* [HOW TO COMPLETE THIS TASK]: Write out all the records exactly, and keep any images out.

* [RECORDS PROVIDED]:

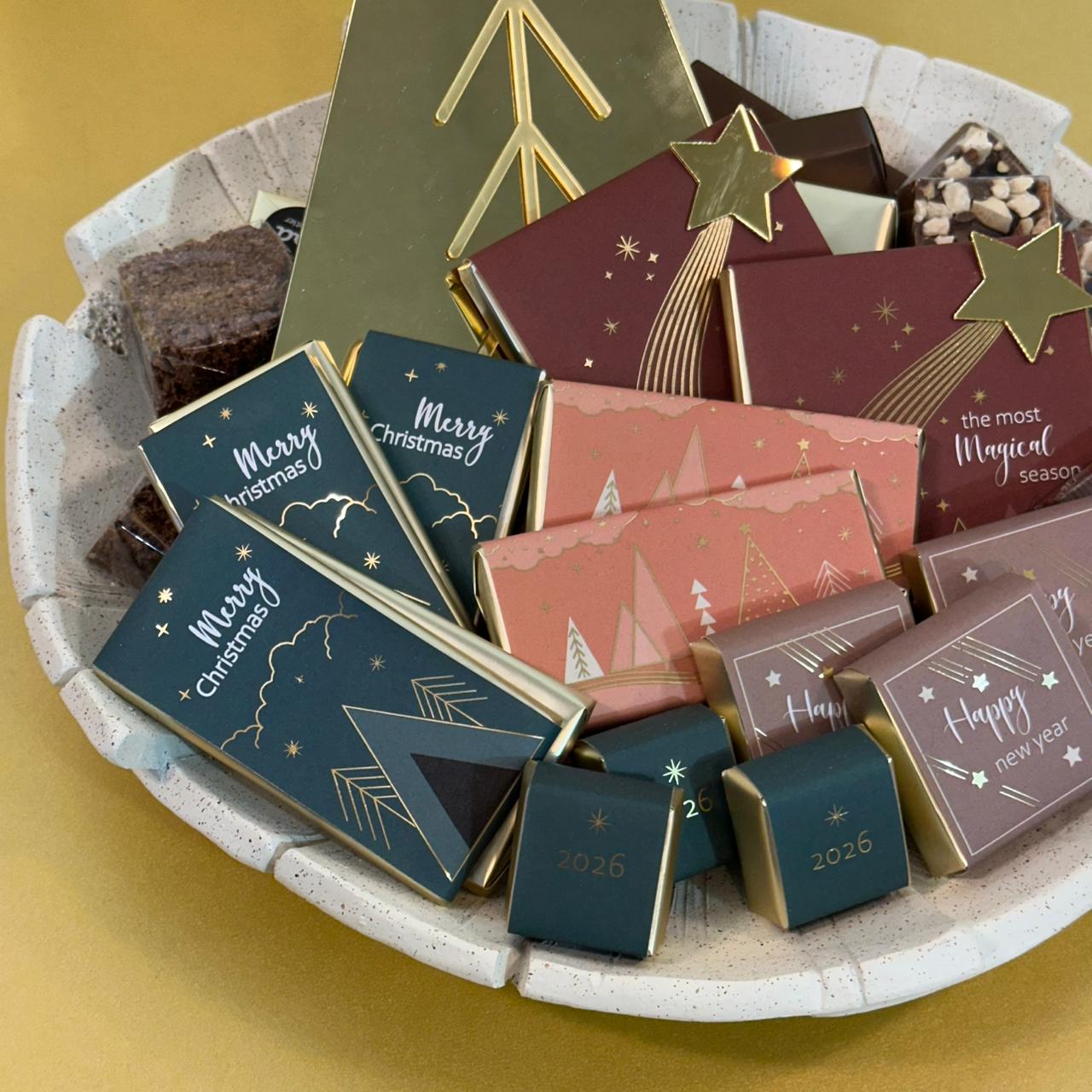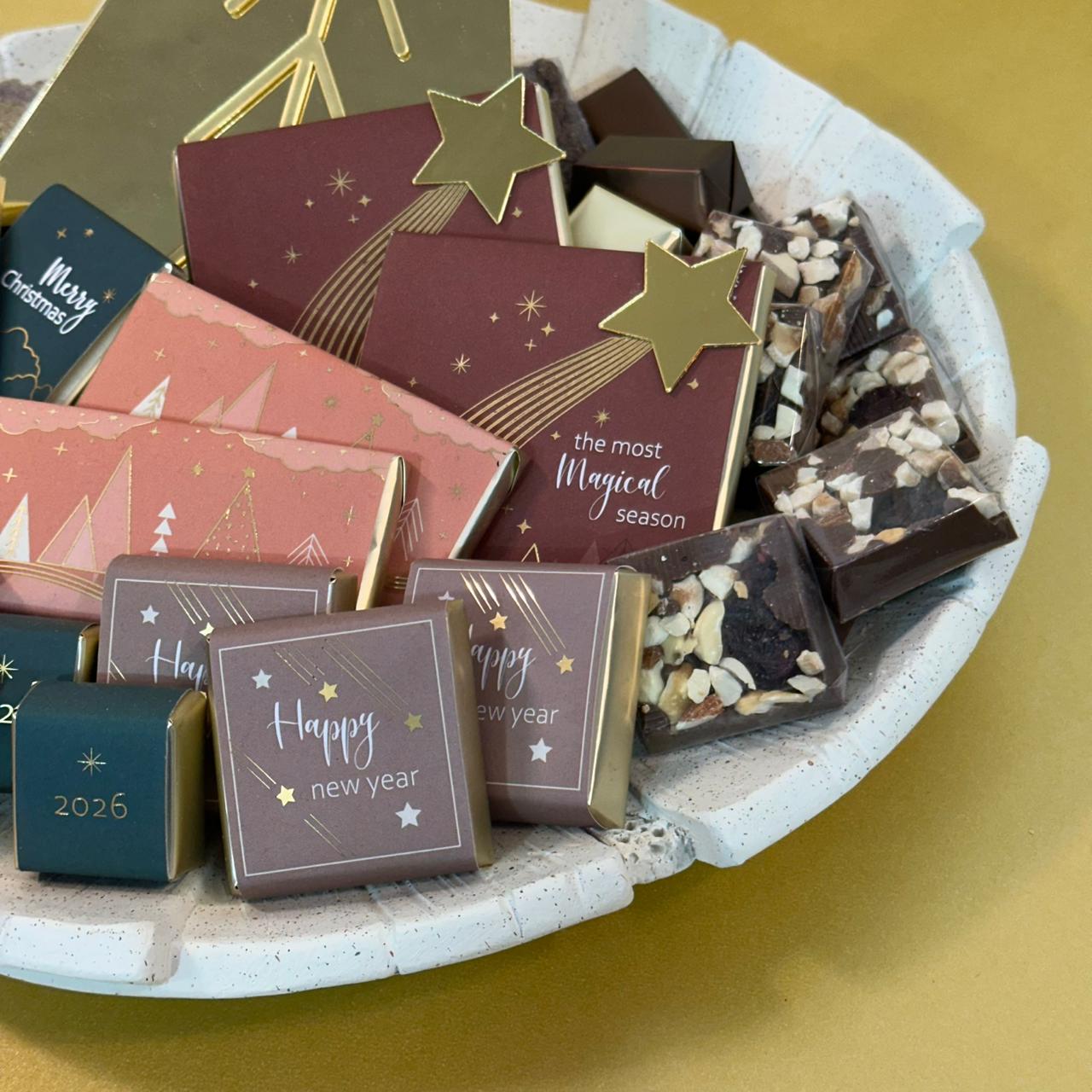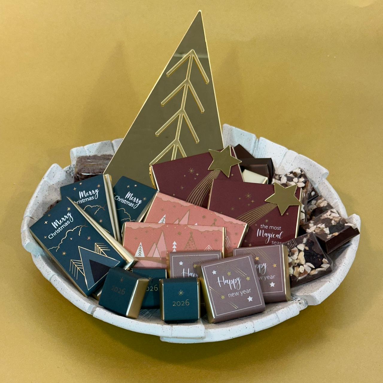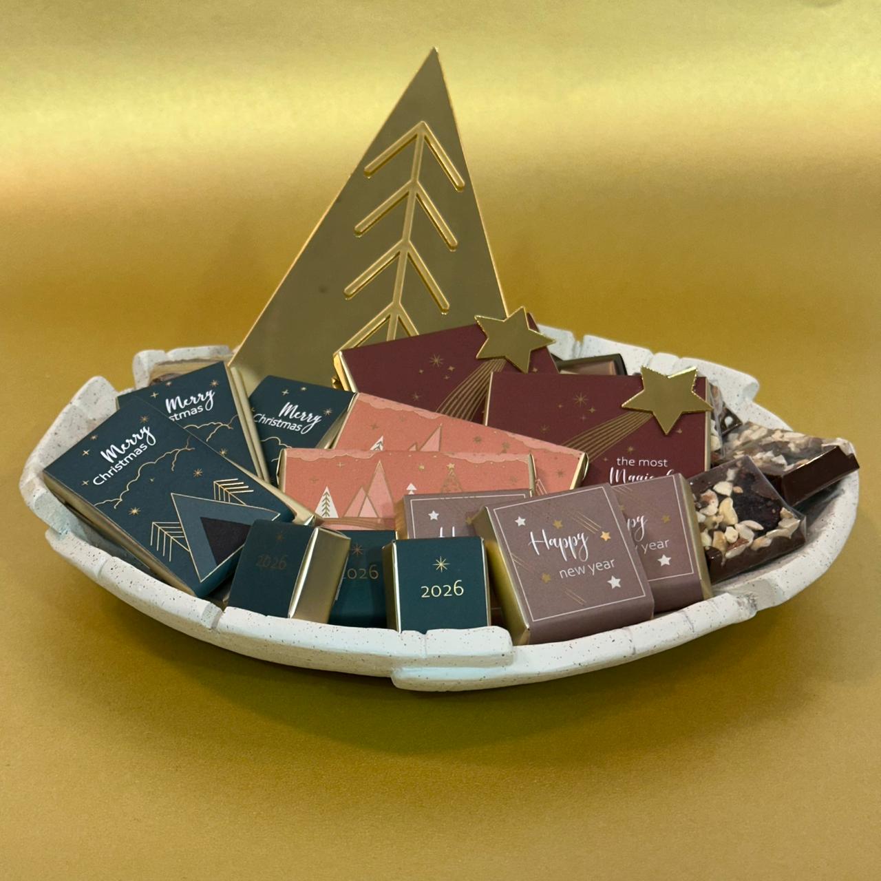 A refined resin plate brimming with luxurious chocolates exquisitely wrapped with shiny paper, ideal for those seeking an elegant holiday gift.
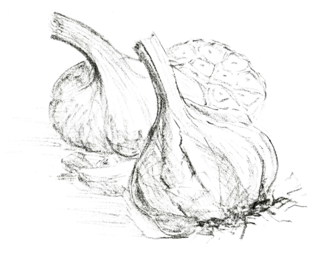 חיפשתי חיפשתי ולא מצאתי שום ציור של שום ראוי לשמו שאפשר להשתמש בו בלי זכויות יוצרים (אך, אני נהנית ממשחקי המילים האלו). כלומר, יש הרבה ציורים של שום, יפים ביותר, יפים יותר משלי, אבל הם לא זמינים בחינם, או לא זמינים בכלל, ואז נזכרתי שאמנם יש לי עכבר משוכלל ומקלדת מעולה, אבל יש גם נייר ועיפרון, ופעם ידעתי לרשום לא רע, רק צריך למצוא את החפצים המיושנים האלו שנמצאים מבויישים בפינה, ולהשתמש בהם.
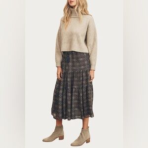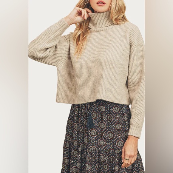 DRESS FORUM sweater is made from ribbed-knit in a neutral 'Oatmeal' hue that will pair well with virtually everything in your closet. It has an oversized fit enhanced by dropped shoulders and a cozy turtleneck. Slightly cropped. Color is Oatmeal
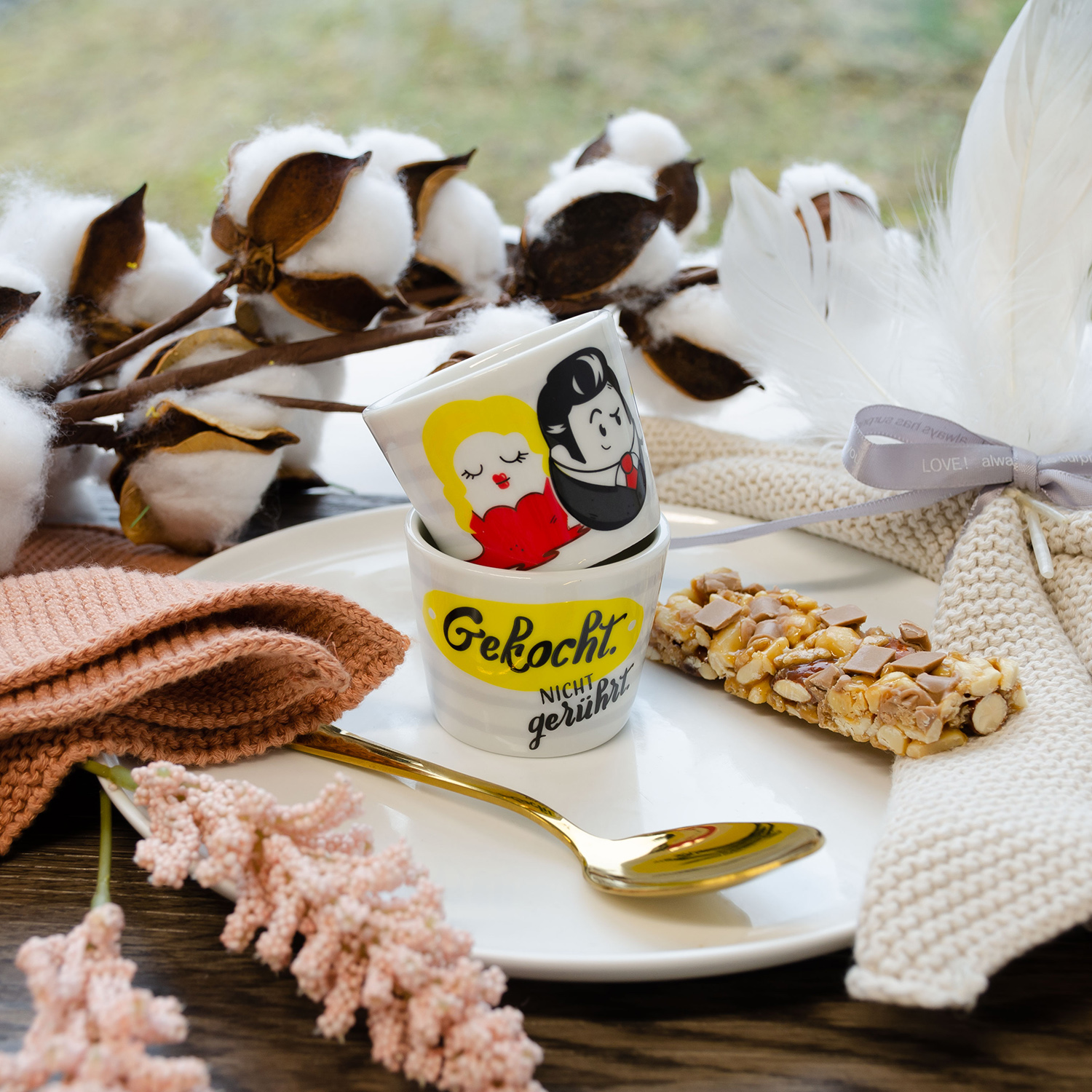 Ein besonderes H-ei-light für den Frühstückstisch ist der coole Eierbecher von GRUSS & CO. Darin schmeckt das Frühstücksei doppelt so gut und mit dem frechen Spruch bekommt man sogar schon in der Früh gute Laune.
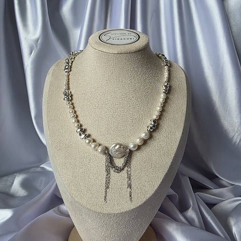 Colier din perle de cultură și hematit cu lanț din oțel inoxidabil
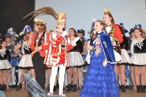 Welch ein grossartiger Empfang beim Kinderkarneval der Prinzengarde Blau-Weiss für das Kinderprinzenpaar und unsere Jugend. Das uniformierte Corps, der Musikzug und die Tanzgarde der Blau-Weissen begleiteten unsere Gruppe auf die Bühne. Der Präsident, Michael Schweers, im bunten Clownskostüm hieß die Jugend willkommen. Wir konnten uns mit einem so gekonnten Auftritt bedanken. Unser 1. Vorsitzende, Ursi Hofer, präsentierte unsere Fahnenschwenker, Andre und Rimo, umjubelt wurde Saya mit ihrem Solomariechentanz und anschliessend der Showtanz der Originale Jugend. Unser Kinderprinzenpaar, Marvin I. und seine Venetia Leni glänzten mit ihrer Rede und dann vor allem mit dem eigenen Sessionslied. Der Schlussakkord - das Tanzduo Daniela und Nina -

* [EXERCISE RESPONSE]:
 A refined resin plate brimming with luxurious chocolates exquisitely wrapped with shiny paper, ideal for those seeking an elegant holiday gift.
 חיפשתי חיפשתי ולא מצאתי שום ציור של שום ראוי לשמו שאפשר להשתמש בו בלי זכויות יוצרים (אך, אני נהנית ממשחקי המילים האלו). כלומר, יש הרבה ציורים של שום, יפים ביותר, יפים יותר משלי, אבל הם לא זמינים בחינם, או לא זמינים בכלל, ואז נזכרתי שאמנם יש לי עכבר משוכלל ומקלדת מעולה, אבל יש גם נייר ועיפרון, ופעם ידעתי לרשום לא רע, רק צריך למצוא את החפצים המיושנים האלו שנמצאים מבויישים בפינה, ולהשתמש בהם.
 DRESS FORUM sweater is made from ribbed-knit in a neutral 'Oatmeal' hue that will pair well with virtually everything in your closet. It has an oversized fit enhanced by dropped shoulders and a cozy turtleneck. Slightly cropped. Color is Oatmeal
 Ein besonderes H-ei-light für den Frühstückstisch ist der coole Eierbecher von GRUSS & CO. Darin schmeckt das Frühstücksei doppelt so gut und mit dem frechen Spruch bekommt man sogar schon in der Früh gute Laune.
 Colier din perle de cultură și hematit cu lanț din oțel inoxidabil
 Welch ein grossartiger Empfang beim Kinderkarneval der Prinzengarde Blau-Weiss für das Kinderprinzenpaar und unsere Jugend. Das uniformierte Corps, der Musikzug und die Tanzgarde der Blau-Weissen begleiteten unsere Gruppe auf die Bühne. Der Präsident, Michael Schweers, im bunten Clownskostüm hieß die Jugend willkommen. Wir konnten uns mit einem so gekonnten Auftritt bedanken. Unser 1. Vorsitzende, Ursi Hofer, präsentierte unsere Fahnenschwenker, Andre und Rimo, umjubelt wurde Saya mit ihrem Solomariechentanz und anschliessend der Showtanz der Originale Jugend. Unser Kinderprinzenpaar, Marvin I. und seine Venetia Leni glänzten mit ihrer Rede und dann vor allem mit dem eigenen Sessionslied. Der Schlussakkord - das Tanzduo Daniela und Nina -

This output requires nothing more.